## DATA IN THIS EXERCISE
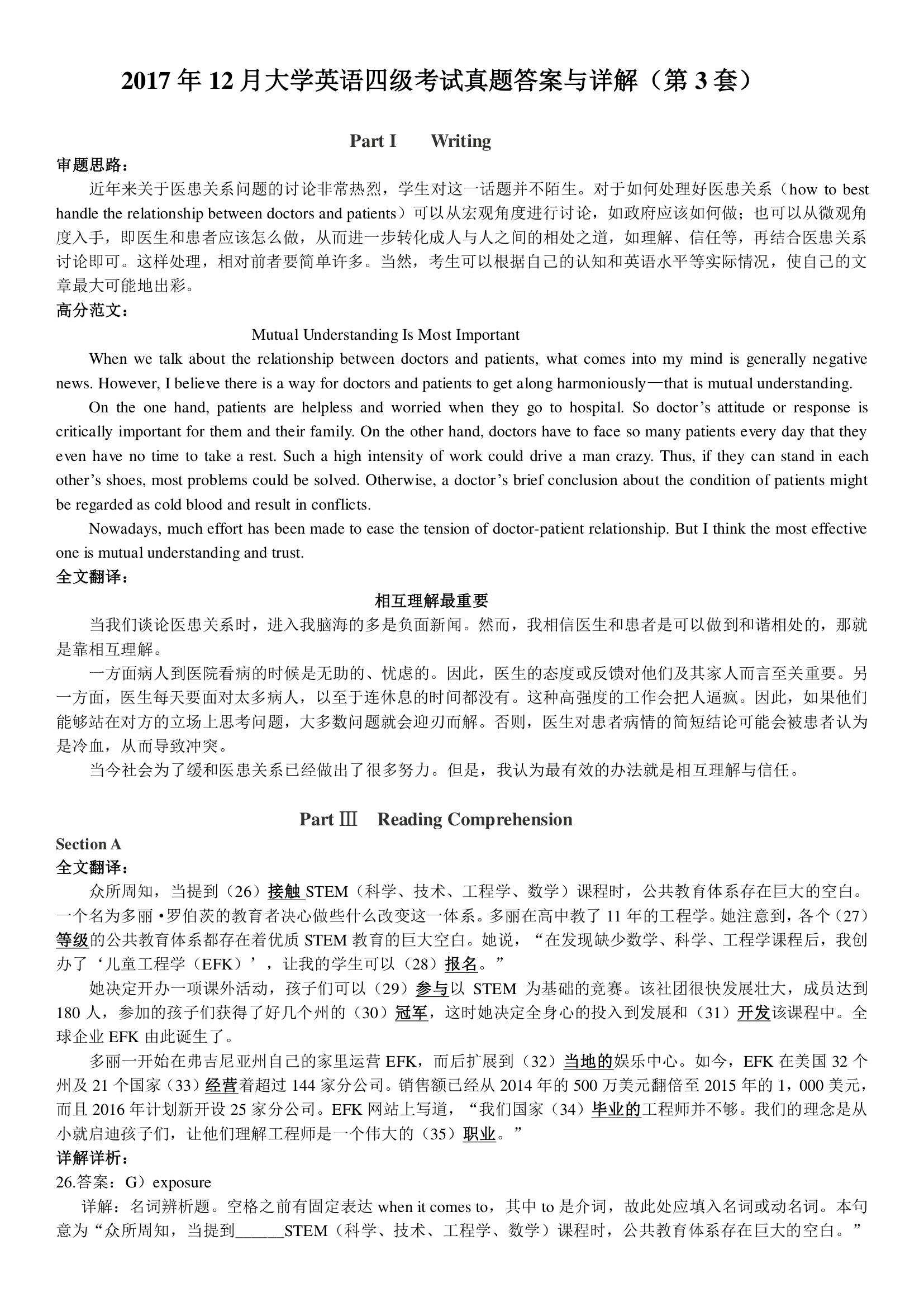 2017年12月英语四级真题答案及解析(第三套)
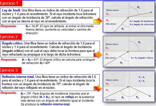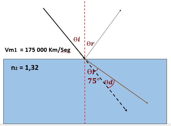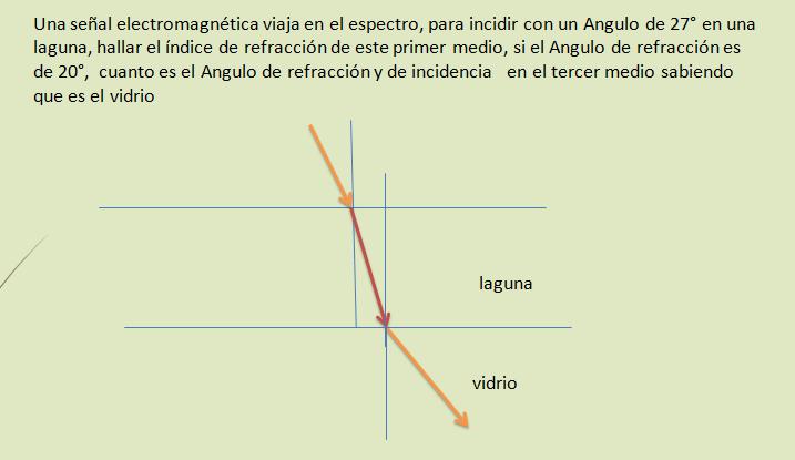 EJERCICIO . Se tiene una señal que pasa del AIRE hacia el agua, la señal incide con un ángulo de 45º, calcular el Angulo con que la señal se refracta. Y el angulo de reflexion
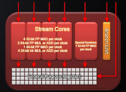 AMDs optimerade SIMD-kärna från RV870, 20 stycken ryms i Radeon HD 5870 GPUn
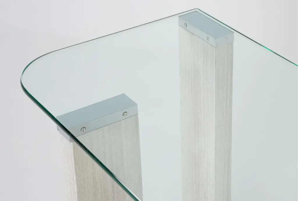 The Neptune Natural 52" Wide Glass Top & Wood Base Entryway Console Table is the perfect addition to your entryway or living room. Its contemporary design features a beautiful combination of pine solids and glass, adding a touch of sophistication to any space. This rectangle-shaped table is designed for easy cleaning and durability.
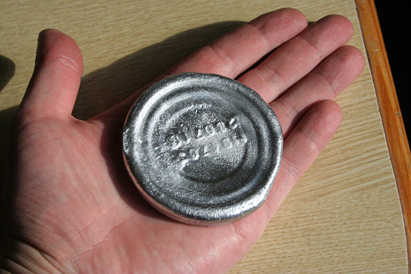 Тигель до красного цвета разогревается мгновенно. Добавляю алюминий (провод), закрываю крышкой - начинается плавление (рис.4). Металл плавится, шлаки всплывают и/или оседают на дно. По соображениям безопасности процесс не оставляется без внимания ни на минуту. Металл добавляется частями каждые 5 минут. В общей сложности ушло минут 20 (можно быстрее, дольше провозился с непривычки). Затем добавляю соль, удаляю шлаки, и - вуаля! Отличный жидкий металл (рис.5), пригодный для литья небольших изделий. Металл отливается в консервную банку, получаем слиток весом около 100г (рис.6). Задача решена!

## TRY IT
A word-for-word copy of the entries above is what is needed, without any images.

## RESPONSE BELOW
 2017年12月英语四级真题答案及解析(第三套)
 EJERCICIO . Se tiene una señal que pasa del AIRE hacia el agua, la señal incide con un ángulo de 45º, calcular el Angulo con que la señal se refracta. Y el angulo de reflexion
 AMDs optimerade SIMD-kärna från RV870, 20 stycken ryms i Radeon HD 5870 GPUn
 The Neptune Natural 52" Wide Glass Top & Wood Base Entryway Console Table is the perfect addition to your entryway or living room. Its contemporary design features a beautiful combination of pine solids and glass, adding a touch of sophistication to any space. This rectangle-shaped table is designed for easy cleaning and durability.
 Тигель до красного цвета разогревается мгновенно. Добавляю алюминий (провод), закрываю крышкой - начинается плавление (рис.4). Металл плавится, шлаки всплывают и/или оседают на дно. По соображениям безопасности процесс не оставляется без внимания ни на минуту. Металл добавляется частями каждые 5 минут. В общей сложности ушло минут 20 (можно быстрее, дольше провозился с непривычки). Затем добавляю соль, удаляю шлаки, и - вуаля! Отличный жидкий металл (рис.5), пригодный для литья небольших изделий. Металл отливается в консервную банку, получаем слиток весом около 100г (рис.6). Задача решена!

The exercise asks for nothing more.